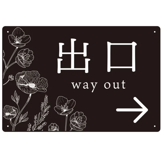 よくある質問:出入り口誘導 フラワーシルエット/モノトーンデザイン オリジナル プレート看板 出口/右矢印 W450×H300 アルミ複合板 (SP-SMD505R-45x30A)
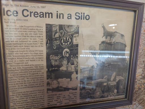 Many flavors of handscopped Ice Cream! 16 different kinds, bubble gum, cotton candy and Mocha Chip were our favorites! Very resonably prices. Judy, the owner, was so kind! We stopped in on Mother's Day 2023 and were delighted to have hand scooped ice cream at 7pm! This is such a fun place to be and it has been open for so many many years! The 12 sided Silo is very unique! I love the antique shop that is connected!! Wow so many amazing finds in there, we didn't go in the antique shop but I gazed in through the windows. Lots of fun things in the front for the kids to see too like the space ship and tractor. Also got a punch card for 1 free cone once we...
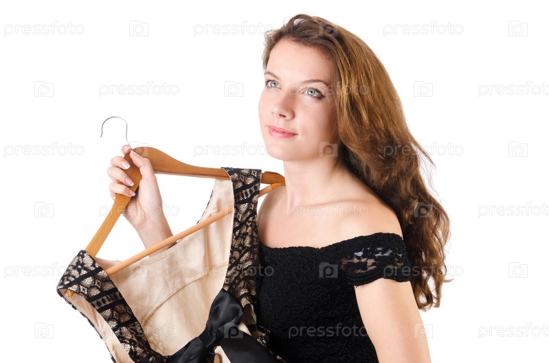 Женщина примеряет новую одежду на белом фоне
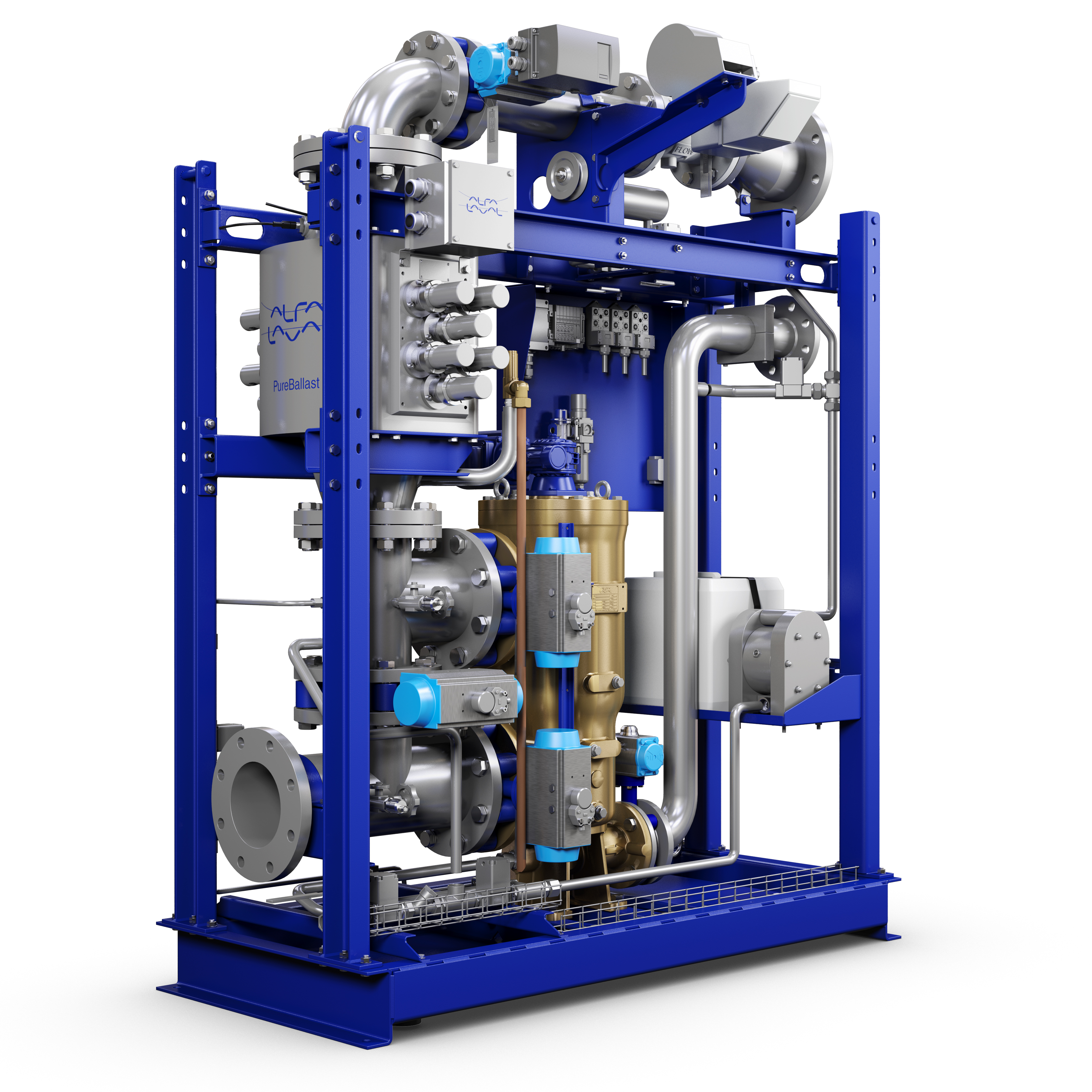 PureBallast 3 Exシステム(UVリアクター、フィルター、CIPユニット)の水流関連コンポーネントはデッキハウスに含まれていますが、ランプ駆動キャビネットと制御キャビネットはデッキハウス外の船舶の安全ゾーンに設置されます。
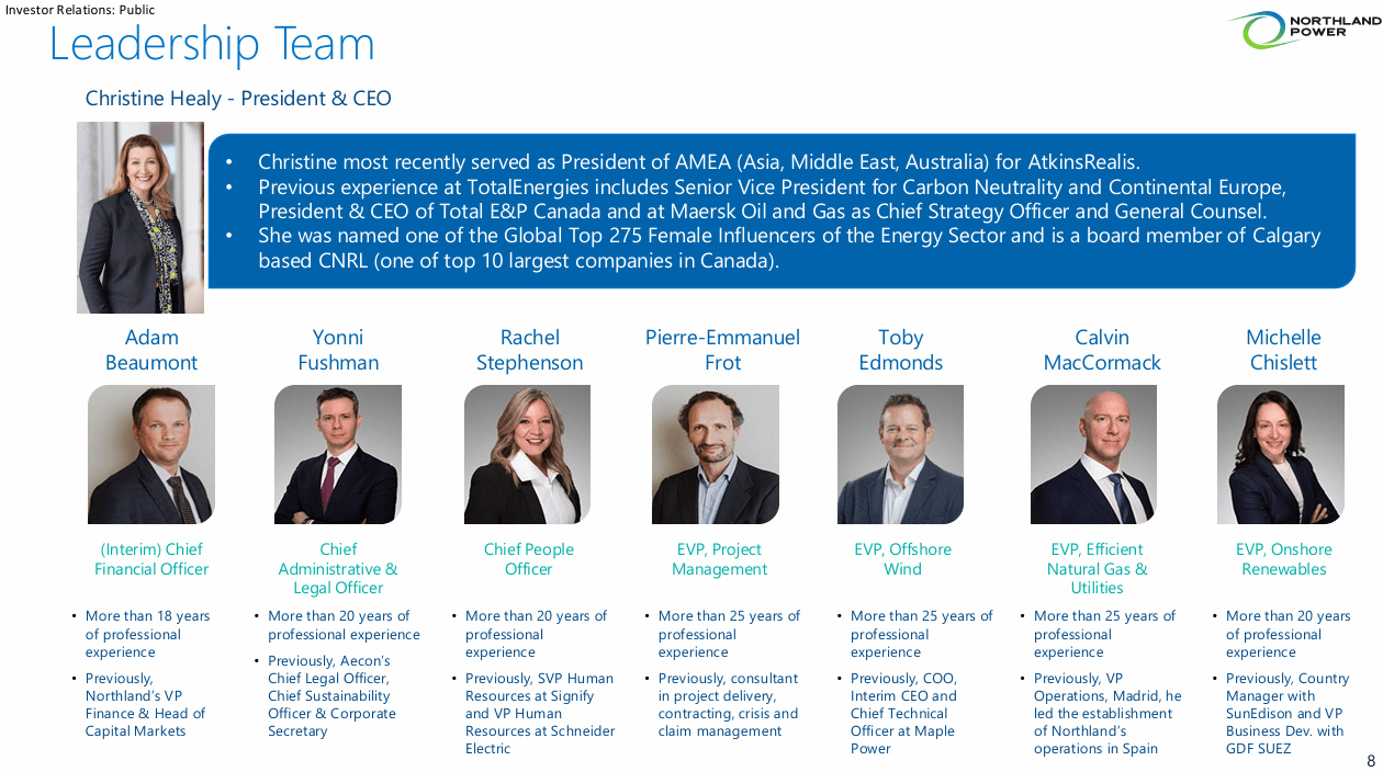 Northland anticipates generating pre-completion revenue from Hai Long in the second half of this year. However, this cash flow is used to fund the construction of the Hai Long project and will not be included in Adjusted Free Cash Flow or Free Cash Flow metrics until the project reaches commercial operations, expected in 2027. Additionally, Northland incurs development expenditures in pursuit of its 10 GW development pipeline. These expenditures will reduce near-term Free Cash Flow until the projects achieve commercial operations but are expected to deliver accretive long-term growth in earnings and cash flow in future years.
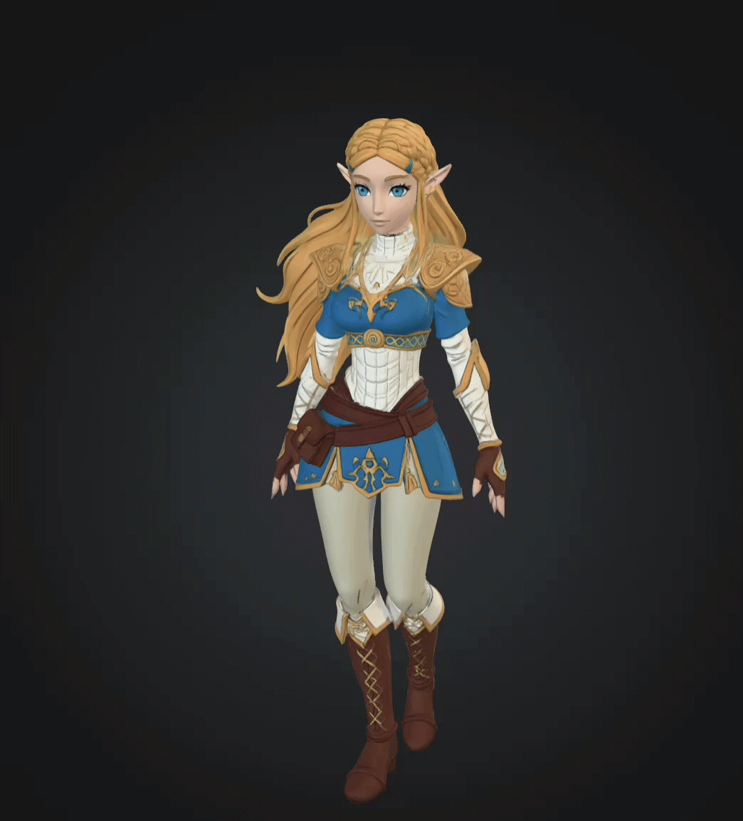 首先来看这个「塞尔达公主」。在仅有一张参考图的情况下,Meshy 6 要自己去「猜」缺失的背部画面、深度等信息。但它生成的结果身体线条非常平滑自然,肢体比例和肌肉起伏也很符合解剖学。尤其是她的手臂、腿部,曲线过渡得很流畅,几乎没有需要手动修复的生硬棱角,省了很多后期调整的时间。而且她的衣物褶皱和配饰的结构也很清晰,能看出模型的结构一致性做得很好。
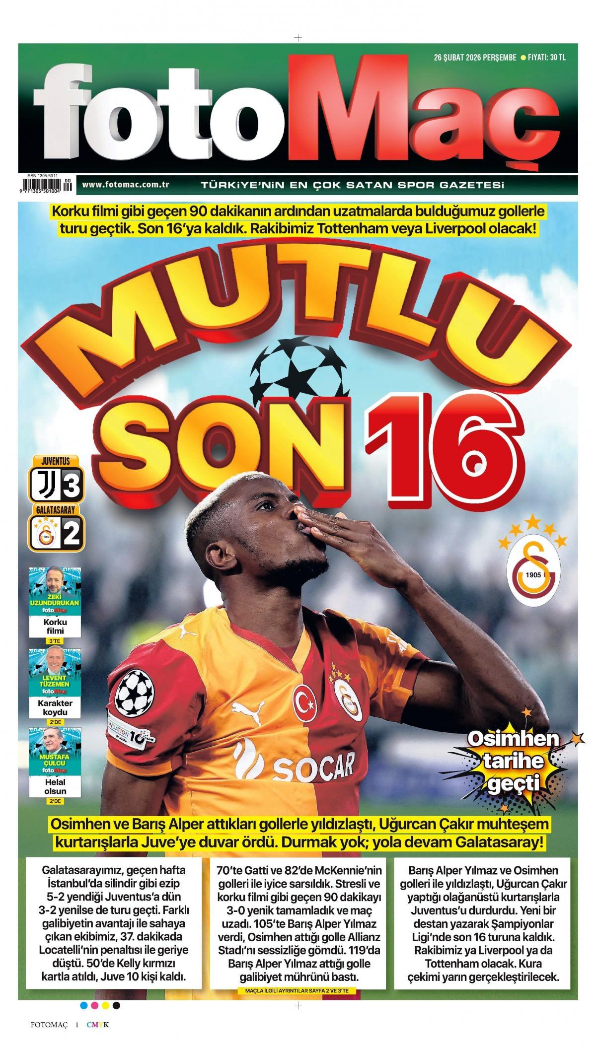 Fotomaç Gazetesi 27 Şubat 2026 Günü Manşeti

━━━━━━━━━━━━━━━━

### ASSIGNED TASK
Having located the line with "Northland anticipates generating", copy it exactly along with every later line through the end of the listing above, but omit the pictures.

### YOUR SOLUTION
 Northland anticipates generating pre-completion revenue from Hai Long in the second half of this year. However, this cash flow is used to fund the construction of the Hai Long project and will not be included in Adjusted Free Cash Flow or Free Cash Flow metrics until the project reaches commercial operations, expected in 2027. Additionally, Northland incurs development expenditures in pursuit of its 10 GW development pipeline. These expenditures will reduce near-term Free Cash Flow until the projects achieve commercial operations but are expected to deliver accretive long-term growth in earnings and cash flow in future years.
 首先来看这个「塞尔达公主」。在仅有一张参考图的情况下,Meshy 6 要自己去「猜」缺失的背部画面、深度等信息。但它生成的结果身体线条非常平滑自然,肢体比例和肌肉起伏也很符合解剖学。尤其是她的手臂、腿部,曲线过渡得很流畅,几乎没有需要手动修复的生硬棱角,省了很多后期调整的时间。而且她的衣物褶皱和配饰的结构也很清晰,能看出模型的结构一致性做得很好。
 Fotomaç Gazetesi 27 Şubat 2026 Günü Manşeti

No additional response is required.